** Opening RECORDS FOR THE TASK block **
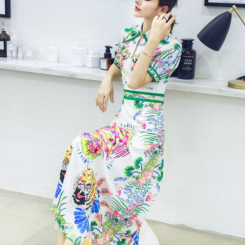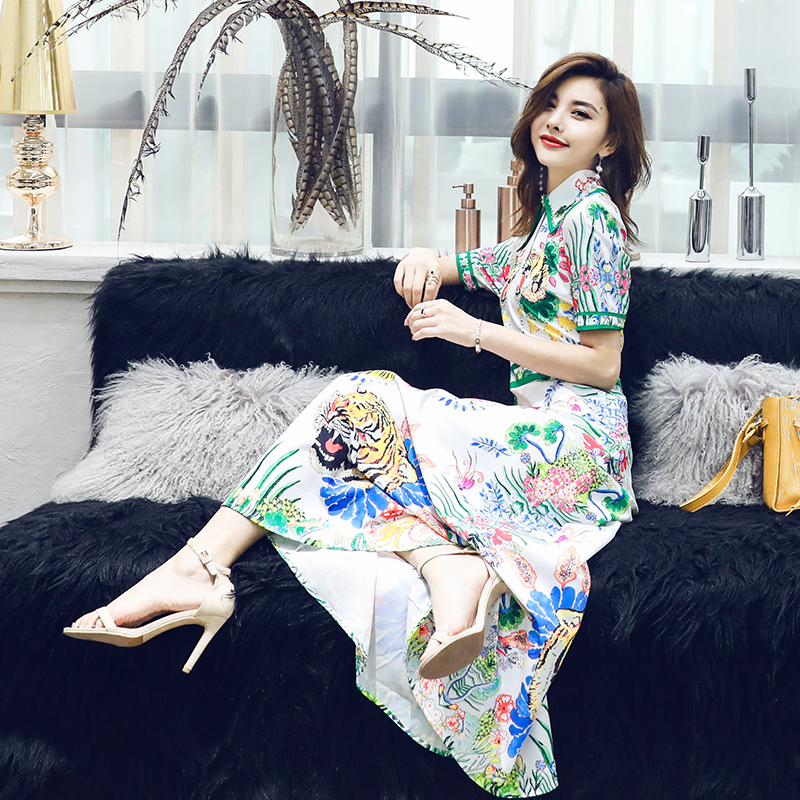 / 歐洲站短袖高腰顯瘦復古印花釘珠大擺裙長裙連衣裙女夏2018新款
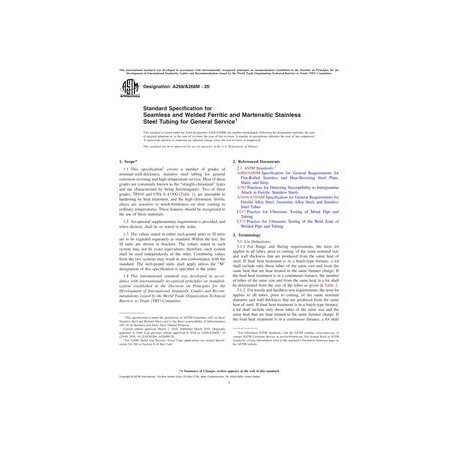 ASTM A268/A268M-20 Standard Specification for Seamless and Welded Ferritic and Martensitic Stainless Steel Tubing for General Service
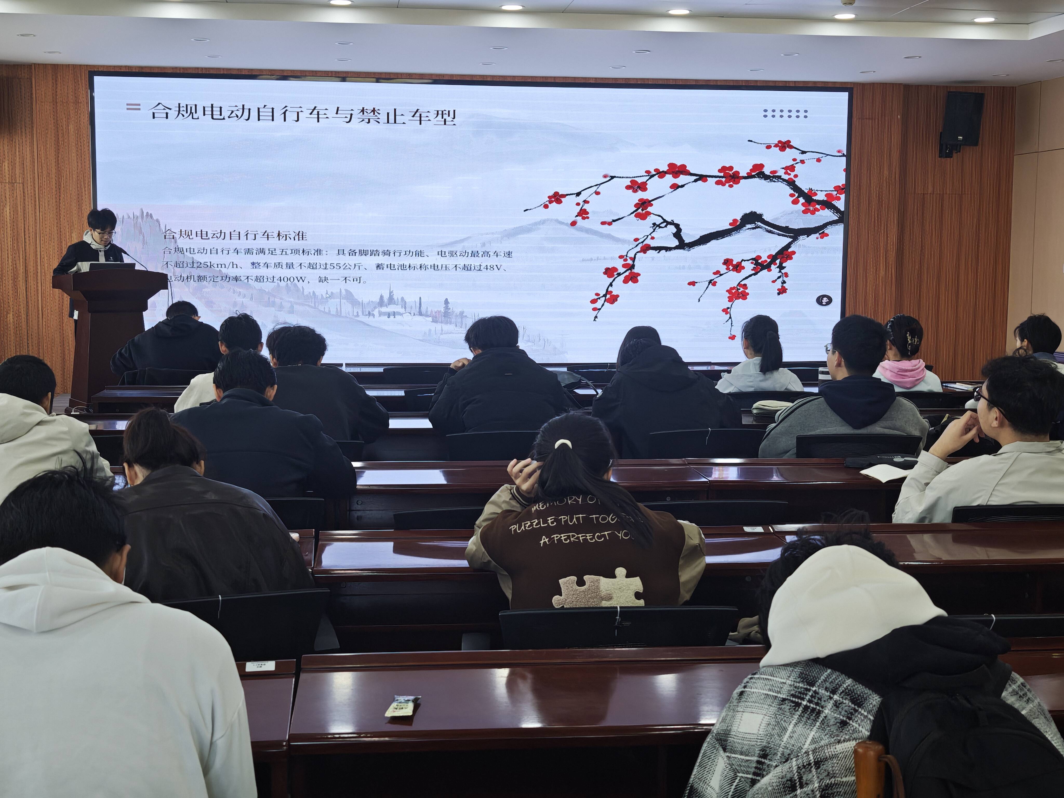 在校园安全环节,组织委员邱文武同学宣讲了电动自行车管理规定,明确了合规车辆标准、登记流程、行驶与停放要求,并提醒新生原则上不得购买电动车,现有车辆须按规定区域停放,严禁入楼充电。
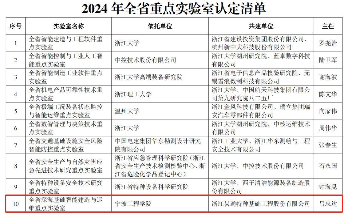 (Approval as the Zhejiang Provincial Key Laboratory of Deep-Sea Infrastructure Intelligent Construction,Operation and Maintenace)
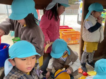 ChristmasでSantaからもらった Sandbox Toys で楽しそうに遊ぶ子ども達、私たちまで笑顔になりました♪
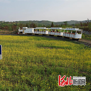 游客乘坐小火车在复兴区东高河村千亩油菜花田观赏油菜花。 通讯员王洪超摄
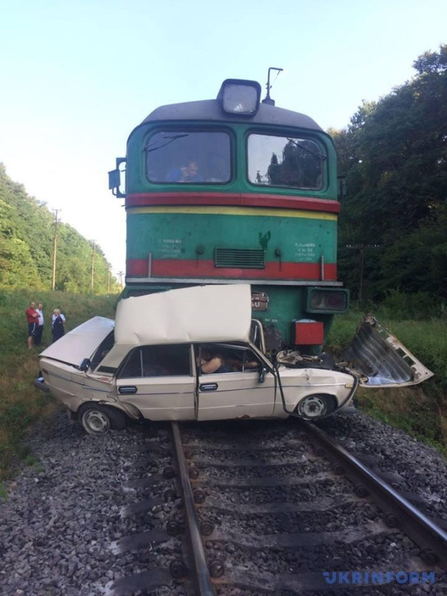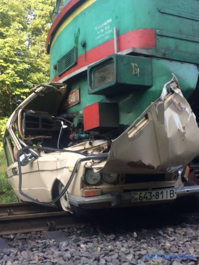 "Машиністи говорять, що у момент наїзду поїзда автомобіль стяв на переїзді і не рухався. Після зіткнення поїзд протягнув автомобіль близько кілометра", - наголосив очевидець.
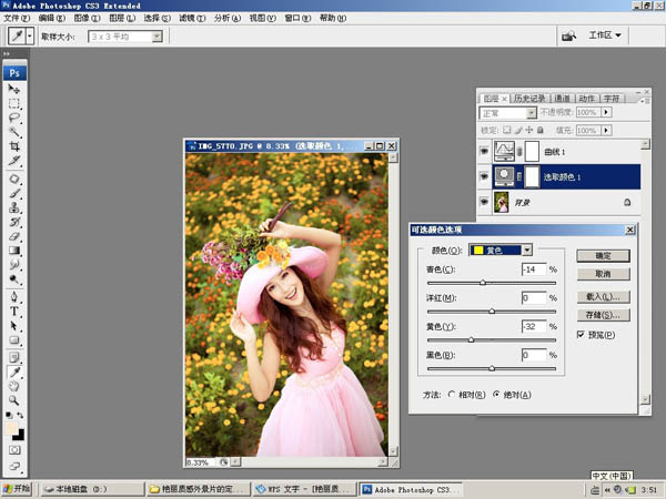 Photoshop两步打造柔美的暖色花景人物图片(2)
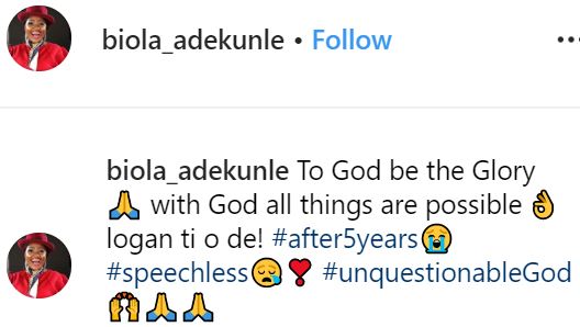 A Nigerian actress, Biola Adekunle has welcomed a baby after waiting for about five years following her marriage.
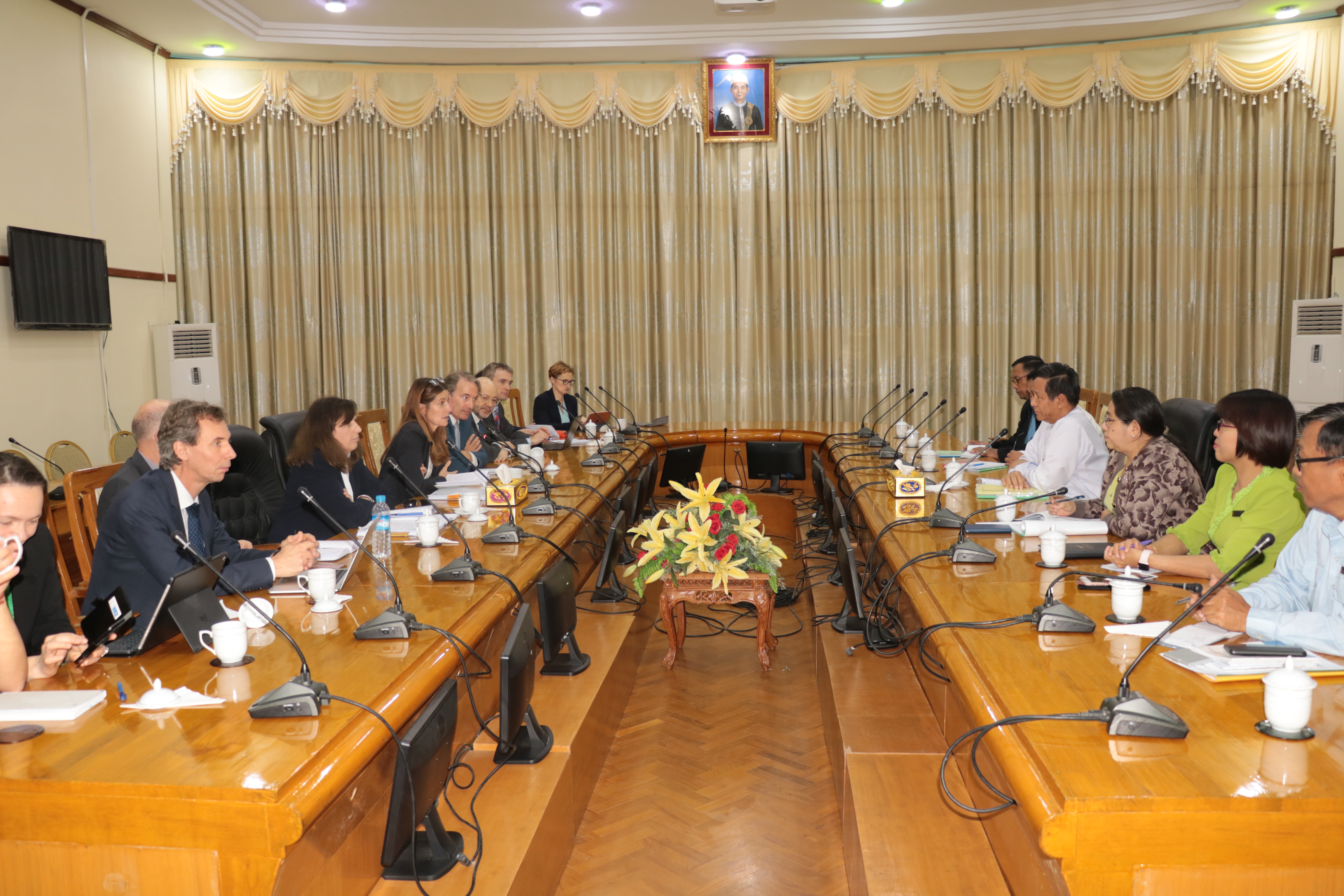 တွေ့ဆုံစဉ် ဥရောပသမဂ္ဂမှ Everything But Arms (EBA) အစီအစဉ်အရ မြန်မာနိုင်ငံအား ကုန်သွယ်မှုဆိုင်ရာ အခွင့်အလမ်းများ ပေးအပ်ထားသည့်အတွက် ဥရောပသမဂ္ဂသို့ ပို့ကုန်များ ပိုမိုတင်ပို့လျက်ရှိပါကြောင်း၊ လက်ရှိရရှိထားသည့် Generalized System of Preferences (GSP) အကျိုးခံစားခွင့်အား ဆက်လက်ထိန်းသိမ်းပြီး ပို့ကုန်တိုးမြှင့်တင်ပို့ခြင်းနှင့် နိုင်ငံသားများအတွက် အလုပ်အကိုင်များ ပိုမိုဖန်တီးပေးနိုင်ခြင်း တို့မှတစ်ဆင့် နိုင်ငံ၏ စီးပွားရေး ဖွံ့ဖြိုးတိုးတက်မှုကို ဖော်ဆောင်သွားနိုင်ရေး၊ မြန်မာနှင့် ဥရောပသမဂ္ဂအကြား ကုန်သွယ်ရေးနှင့် ရင်းနှီးမြှုပ်နှံမှုများ တိုးတက်ရေးအတွက် ဆက်လက်ပူးပေါင်း ဆောင်ရွက်သွားမည့် ကိစ္စရပ်များကို ရင်းနှီးပွင့်လင်းစွာ ဆွေးနွေးကြသည်။
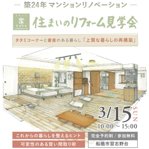 【家CoCo】3/15(日)船橋市│築24年マンションリノベーション│タタミコー...
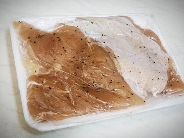 雞胸肉買回來趁新鮮先鹽漬,隔天微煎
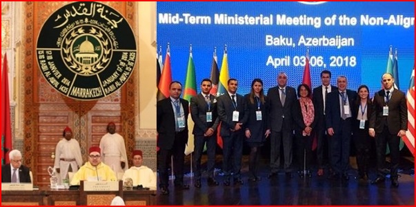 وسجل وزراء خارجية دول حركة عدم الانحياز، في الوثائق التي صدرت عن المؤتمر بعد مداولات مكثفة، تقديرهم للرسالتين اللتين وجههما صاحب الجلالة الملك محمد السادس إلى الأمين العام للأمم المتحدة السيد أنطونيو غوتييريس، في 25 يوليوز 2017 للتعبير عن إدانة جلالته الشديدة للانتهاكات الاسرائيلية للحرم الشريف، وفي 7 دجنبر 2017 في أعقاب قرار الإدارة الأمريكية الاعتراف بالقدس عاصمة لإسرائيل. ومن جهة أخرى، نوه مؤتمر باكو بدور المغرب في مجال حفظ وتعزيز السلم على مستوى الأمم المتحدة، وذلك في إطار رئاسته هيئة جمهورية افريقيا الوسطى، وكذا من خلاله دوره كمنسق لمجموعة العمل التابعة لحركة عدم الانحياز المكلفة بعمليات حفظ السلام الأممية.
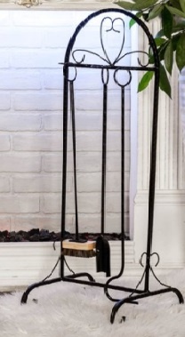Кованая стойка для хранения каминных аксессуаров, входящих в комплект: лопатка, щетка, совок. Каминные принадлежности всегда находятся под рукой и хранятся в одном месте.
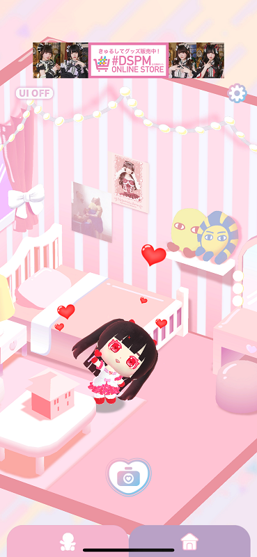 またカメラでぬいぐるみの姿を撮影するだけでなく、ホーム画面でぬいぐるみと触れ合える。ホーム画面は各メンバーをイメージしたお部屋になっていて、その中でぬいぐるみたちは自由に生活している。ぬいぐるみをタップすると可愛いリアクションも返してくれる。
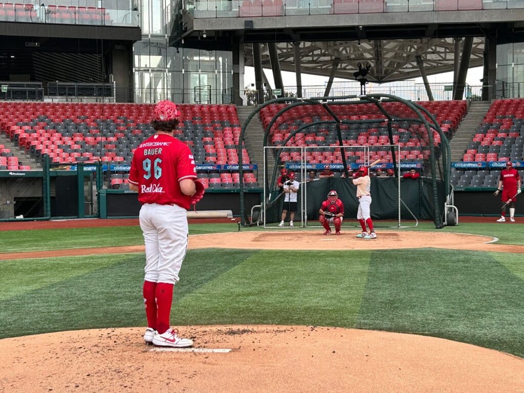 El pitcher Trevor Bauer regresó a la Ciudad de México para lanzar en una práctica de bateo en vivo en el Estadio Alfredo Harp Helú, y con ello confirmó que está listo para reincorporarse a la rotación abridora de los Diablos Rojos del México para la Serie de Zona de los playoffs de la Liga Mexicana de Beisbol (LMB).
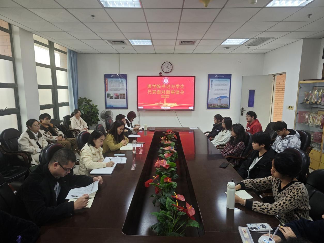 为倾听学生心声,加强师生交流,推进本科教育教学审核评估工作,12月25日下午,理学院在章辉楼552举办“深化交流,共促成长——书记与学生面对面”座谈会。学院党委书记黄煜、副书记裴园园、辅导员和学生代表参加。
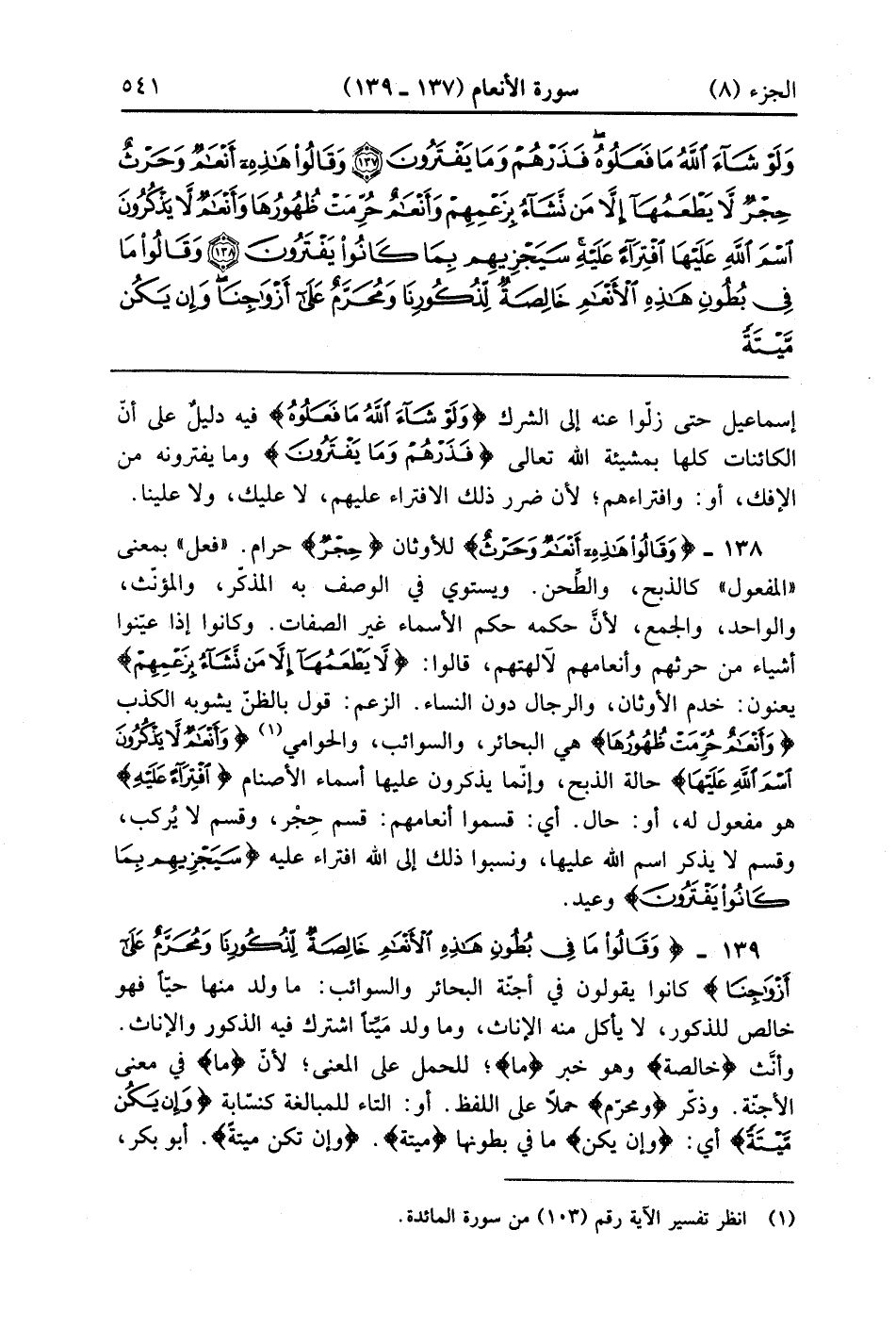 وَقَالُوا هَذِهِ أَنْعَامٌ وَحَرْثٌ حِجْرٌ لَا يَطْعَمُهَا إِلَّا مَنْ نَشَاءُ بِزَعْمِهِمْ وَأَنْعَامٌ حُرِّمَتْ ظُهُورُهَا وَأَنْعَامٌ لَا يَذْكُرُونَ اسْمَ اللَّهِ عَلَيْهَا افْتِرَاءً عَلَيْهِ سَيَجْزِيهِمْ بِمَا كَانُوا يَفْتَرُونَ (138)
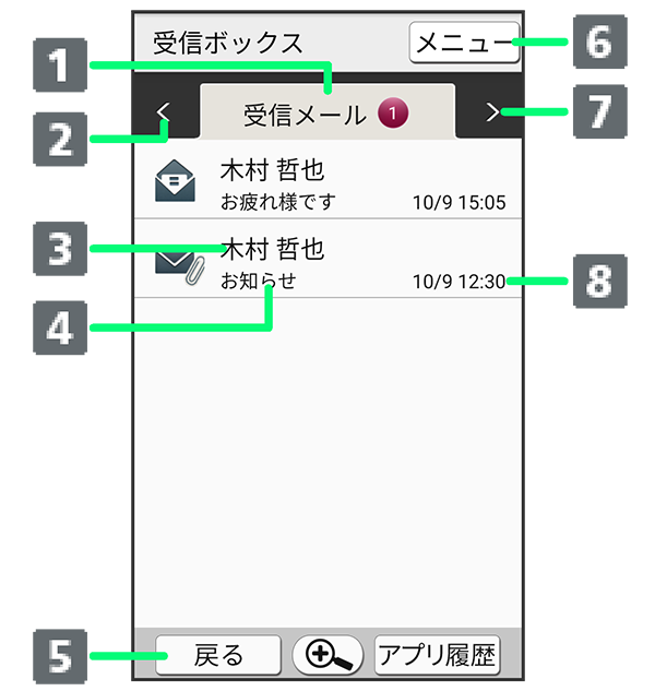メール一覧画面(受信ボックス/送信ボックス)で並べ替え方法をタップメールを別のフォルダに移動する
** Closing RECORDS FOR THE TASK block **
EXERCISE INSTRUCTIONS: Transcribe the full listing exactly, but keep every image out of it.

WRITTEN SOLUTION:
 / 歐洲站短袖高腰顯瘦復古印花釘珠大擺裙長裙連衣裙女夏2018新款
 ASTM A268/A268M-20 Standard Specification for Seamless and Welded Ferritic and Martensitic Stainless Steel Tubing for General Service
 在校园安全环节,组织委员邱文武同学宣讲了电动自行车管理规定,明确了合规车辆标准、登记流程、行驶与停放要求,并提醒新生原则上不得购买电动车,现有车辆须按规定区域停放,严禁入楼充电。
 (Approval as the Zhejiang Provincial Key Laboratory of Deep-Sea Infrastructure Intelligent Construction,Operation and Maintenace)
 ChristmasでSantaからもらった Sandbox Toys で楽しそうに遊ぶ子ども達、私たちまで笑顔になりました♪
 游客乘坐小火车在复兴区东高河村千亩油菜花田观赏油菜花。 通讯员王洪超摄
 "Машиністи говорять, що у момент наїзду поїзда автомобіль стяв на переїзді і не рухався. Після зіткнення поїзд протягнув автомобіль близько кілометра", - наголосив очевидець.
 Photoshop两步打造柔美的暖色花景人物图片(2)
 A Nigerian actress, Biola Adekunle has welcomed a baby after waiting for about five years following her marriage.
 တွေ့ဆုံစဉ် ဥရောပသမဂ္ဂမှ Everything But Arms (EBA) အစီအစဉ်အရ မြန်မာနိုင်ငံအား ကုန်သွယ်မှုဆိုင်ရာ အခွင့်အလမ်းများ ပေးအပ်ထားသည့်အတွက် ဥရောပသမဂ္ဂသို့ ပို့ကုန်များ ပိုမိုတင်ပို့လျက်ရှိပါကြောင်း၊ လက်ရှိရရှိထားသည့် Generalized System of Preferences (GSP) အကျိုးခံစားခွင့်အား ဆက်လက်ထိန်းသိမ်းပြီး ပို့ကုန်တိုးမြှင့်တင်ပို့ခြင်းနှင့် နိုင်ငံသားများအတွက် အလုပ်အကိုင်များ ပိုမိုဖန်တီးပေးနိုင်ခြင်း တို့မှတစ်ဆင့် နိုင်ငံ၏ စီးပွားရေး ဖွံ့ဖြိုးတိုးတက်မှုကို ဖော်ဆောင်သွားနိုင်ရေး၊ မြန်မာနှင့် ဥရောပသမဂ္ဂအကြား ကုန်သွယ်ရေးနှင့် ရင်းနှီးမြှုပ်နှံမှုများ တိုးတက်ရေးအတွက် ဆက်လက်ပူးပေါင်း ဆောင်ရွက်သွားမည့် ကိစ္စရပ်များကို ရင်းနှီးပွင့်လင်းစွာ ဆွေးနွေးကြသည်။
 【家CoCo】3/15(日)船橋市│築24年マンションリノベーション│タタミコー...
 雞胸肉買回來趁新鮮先鹽漬,隔天微煎
 وسجل وزراء خارجية دول حركة عدم الانحياز، في الوثائق التي صدرت عن المؤتمر بعد مداولات مكثفة، تقديرهم للرسالتين اللتين وجههما صاحب الجلالة الملك محمد السادس إلى الأمين العام للأمم المتحدة السيد أنطونيو غوتييريس، في 25 يوليوز 2017 للتعبير عن إدانة جلالته الشديدة للانتهاكات الاسرائيلية للحرم الشريف، وفي 7 دجنبر 2017 في أعقاب قرار الإدارة الأمريكية الاعتراف بالقدس عاصمة لإسرائيل. ومن جهة أخرى، نوه مؤتمر باكو بدور المغرب في مجال حفظ وتعزيز السلم على مستوى الأمم المتحدة، وذلك في إطار رئاسته هيئة جمهورية افريقيا الوسطى، وكذا من خلاله دوره كمنسق لمجموعة العمل التابعة لحركة عدم الانحياز المكلفة بعمليات حفظ السلام الأممية.
Кованая стойка для хранения каминных аксессуаров, входящих в комплект: лопатка, щетка, совок. Каминные принадлежности всегда находятся под рукой и хранятся в одном месте.
 またカメラでぬいぐるみの姿を撮影するだけでなく、ホーム画面でぬいぐるみと触れ合える。ホーム画面は各メンバーをイメージしたお部屋になっていて、その中でぬいぐるみたちは自由に生活している。ぬいぐるみをタップすると可愛いリアクションも返してくれる。
 El pitcher Trevor Bauer regresó a la Ciudad de México para lanzar en una práctica de bateo en vivo en el Estadio Alfredo Harp Helú, y con ello confirmó que está listo para reincorporarse a la rotación abridora de los Diablos Rojos del México para la Serie de Zona de los playoffs de la Liga Mexicana de Beisbol (LMB).
 为倾听学生心声,加强师生交流,推进本科教育教学审核评估工作,12月25日下午,理学院在章辉楼552举办“深化交流,共促成长——书记与学生面对面”座谈会。学院党委书记黄煜、副书记裴园园、辅导员和学生代表参加。
 وَقَالُوا هَذِهِ أَنْعَامٌ وَحَرْثٌ حِجْرٌ لَا يَطْعَمُهَا إِلَّا مَنْ نَشَاءُ بِزَعْمِهِمْ وَأَنْعَامٌ حُرِّمَتْ ظُهُورُهَا وَأَنْعَامٌ لَا يَذْكُرُونَ اسْمَ اللَّهِ عَلَيْهَا افْتِرَاءً عَلَيْهِ سَيَجْزِيهِمْ بِمَا كَانُوا يَفْتَرُونَ (138)
メール一覧画面(受信ボックス/送信ボックス)で並べ替え方法をタップメールを別のフォルダに移動する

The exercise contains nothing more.